Work to be completed.
What is needed here is an exact repetition of the records below, beginning at the line that has "The New York" and stopping after the line that has "Windows(R) XP Service".

Material for this task.
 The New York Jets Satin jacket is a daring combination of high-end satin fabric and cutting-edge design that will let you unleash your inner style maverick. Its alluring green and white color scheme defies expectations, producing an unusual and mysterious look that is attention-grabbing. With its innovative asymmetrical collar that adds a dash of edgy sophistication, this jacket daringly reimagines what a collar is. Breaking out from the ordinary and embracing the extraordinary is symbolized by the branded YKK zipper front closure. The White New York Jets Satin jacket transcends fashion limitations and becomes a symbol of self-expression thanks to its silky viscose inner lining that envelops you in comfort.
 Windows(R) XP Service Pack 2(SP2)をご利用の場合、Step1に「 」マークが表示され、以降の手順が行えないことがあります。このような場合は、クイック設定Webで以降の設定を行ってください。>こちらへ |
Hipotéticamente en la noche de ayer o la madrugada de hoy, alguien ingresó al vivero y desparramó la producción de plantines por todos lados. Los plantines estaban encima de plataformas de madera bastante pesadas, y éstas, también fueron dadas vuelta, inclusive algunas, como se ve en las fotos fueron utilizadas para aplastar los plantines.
---
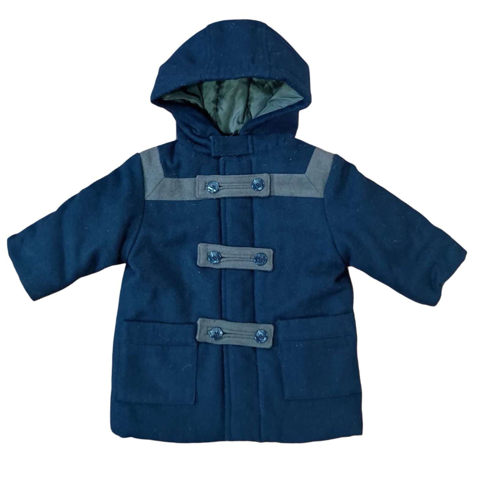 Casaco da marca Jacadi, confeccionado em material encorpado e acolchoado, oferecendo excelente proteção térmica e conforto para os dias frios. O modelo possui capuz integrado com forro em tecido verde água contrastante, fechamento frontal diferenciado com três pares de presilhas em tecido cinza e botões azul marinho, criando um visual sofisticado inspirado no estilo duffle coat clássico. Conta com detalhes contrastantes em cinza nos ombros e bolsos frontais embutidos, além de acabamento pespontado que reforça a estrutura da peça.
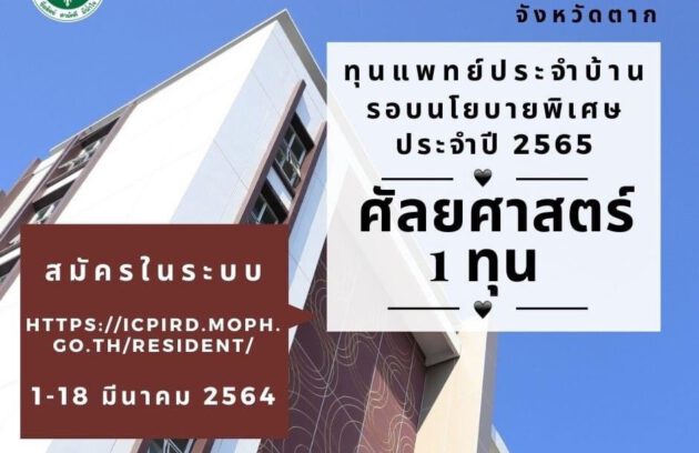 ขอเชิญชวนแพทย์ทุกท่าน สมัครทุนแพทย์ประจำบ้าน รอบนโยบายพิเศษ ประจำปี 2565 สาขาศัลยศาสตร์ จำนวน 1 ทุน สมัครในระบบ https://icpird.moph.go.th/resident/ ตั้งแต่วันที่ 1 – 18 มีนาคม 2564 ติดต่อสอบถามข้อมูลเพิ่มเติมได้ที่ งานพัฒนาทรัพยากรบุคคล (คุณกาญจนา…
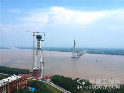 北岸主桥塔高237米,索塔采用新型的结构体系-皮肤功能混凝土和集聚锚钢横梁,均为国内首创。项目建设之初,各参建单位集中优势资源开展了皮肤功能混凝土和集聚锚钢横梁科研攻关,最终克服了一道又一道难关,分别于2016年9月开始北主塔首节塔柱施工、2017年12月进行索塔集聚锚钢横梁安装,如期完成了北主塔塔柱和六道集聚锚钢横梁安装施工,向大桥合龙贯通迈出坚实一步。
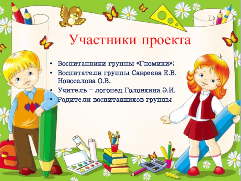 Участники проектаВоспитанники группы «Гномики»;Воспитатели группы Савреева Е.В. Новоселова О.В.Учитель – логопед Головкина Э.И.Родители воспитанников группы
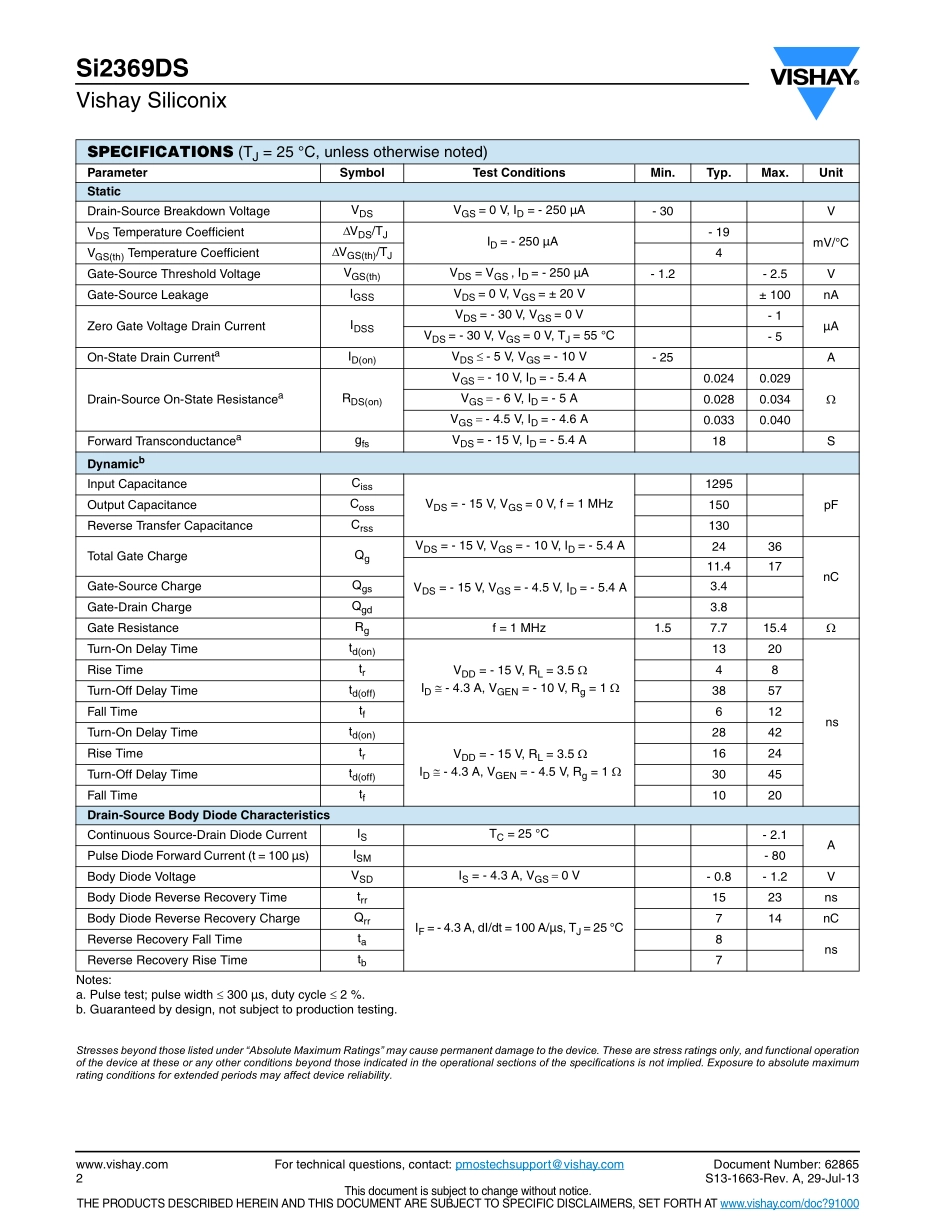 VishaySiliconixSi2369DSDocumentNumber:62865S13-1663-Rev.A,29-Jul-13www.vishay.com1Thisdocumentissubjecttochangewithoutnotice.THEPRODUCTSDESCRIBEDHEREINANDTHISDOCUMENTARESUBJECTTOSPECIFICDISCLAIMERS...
* * *
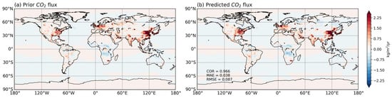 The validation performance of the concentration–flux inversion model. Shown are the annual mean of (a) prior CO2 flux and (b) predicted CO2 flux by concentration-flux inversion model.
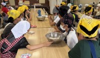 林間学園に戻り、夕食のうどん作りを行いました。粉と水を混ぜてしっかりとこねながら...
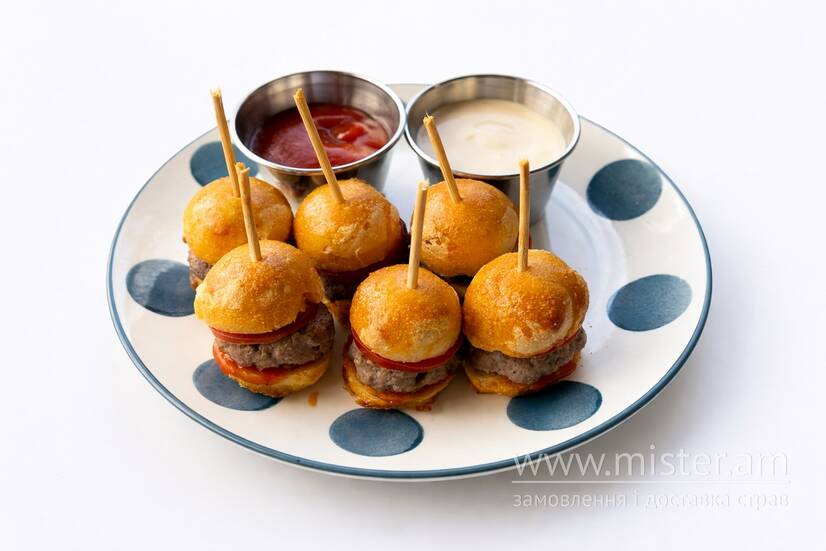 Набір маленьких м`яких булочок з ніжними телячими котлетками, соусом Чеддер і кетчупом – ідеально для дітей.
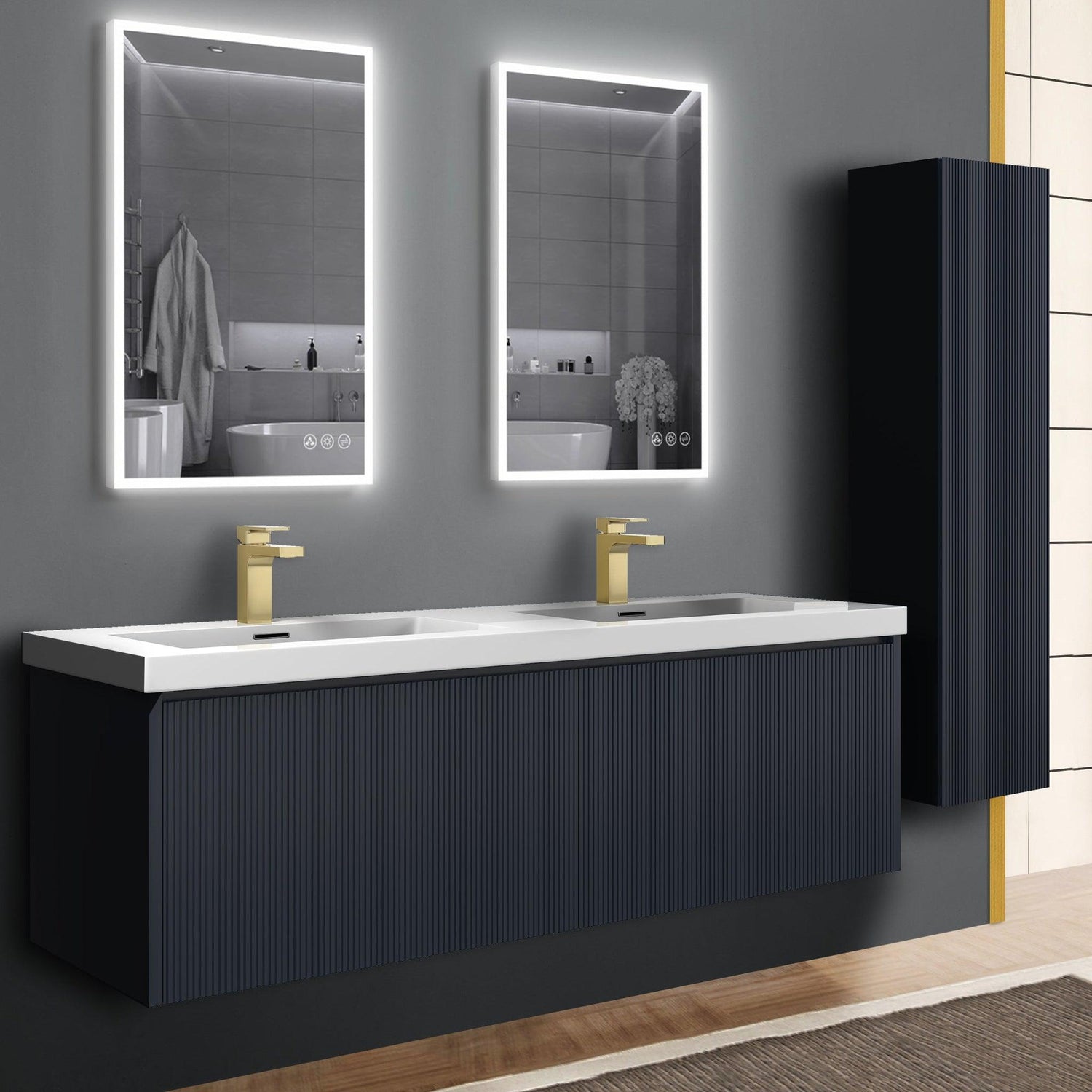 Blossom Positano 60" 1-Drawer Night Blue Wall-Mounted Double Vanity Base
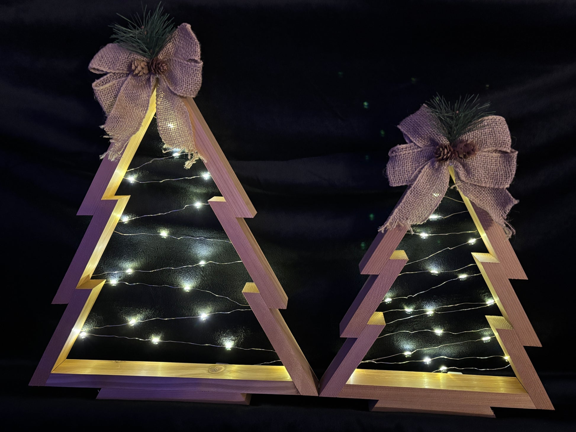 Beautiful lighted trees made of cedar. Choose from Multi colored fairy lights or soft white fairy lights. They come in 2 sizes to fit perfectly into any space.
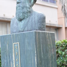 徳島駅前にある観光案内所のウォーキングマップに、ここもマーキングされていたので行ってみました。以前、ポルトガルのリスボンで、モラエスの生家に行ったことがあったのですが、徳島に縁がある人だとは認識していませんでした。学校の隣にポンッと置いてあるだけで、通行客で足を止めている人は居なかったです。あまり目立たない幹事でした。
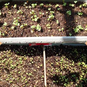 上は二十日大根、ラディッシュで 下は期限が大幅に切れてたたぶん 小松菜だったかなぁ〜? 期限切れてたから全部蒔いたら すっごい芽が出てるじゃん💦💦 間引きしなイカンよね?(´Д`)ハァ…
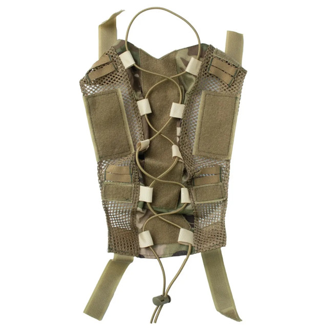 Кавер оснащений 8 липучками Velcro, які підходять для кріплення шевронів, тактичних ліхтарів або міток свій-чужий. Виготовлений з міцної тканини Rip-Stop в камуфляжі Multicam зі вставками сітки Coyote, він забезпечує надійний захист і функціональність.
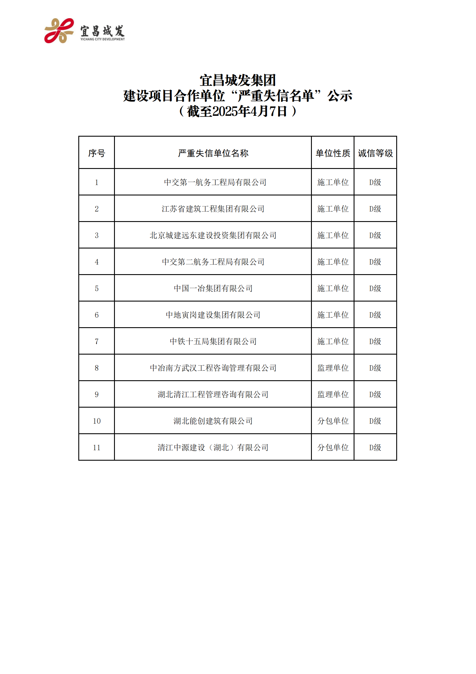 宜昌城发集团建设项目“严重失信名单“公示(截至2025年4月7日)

Exercise response.
 The New York Jets Satin jacket is a daring combination of high-end satin fabric and cutting-edge design that will let you unleash your inner style maverick. Its alluring green and white color scheme defies expectations, producing an unusual and mysterious look that is attention-grabbing. With its innovative asymmetrical collar that adds a dash of edgy sophistication, this jacket daringly reimagines what a collar is. Breaking out from the ordinary and embracing the extraordinary is symbolized by the branded YKK zipper front closure. The White New York Jets Satin jacket transcends fashion limitations and becomes a symbol of self-expression thanks to its silky viscose inner lining that envelops you in comfort.
 Windows(R) XP Service Pack 2(SP2)をご利用の場合、Step1に「 」マークが表示され、以降の手順が行えないことがあります。このような場合は、クイック設定Webで以降の設定を行ってください。>こちらへ |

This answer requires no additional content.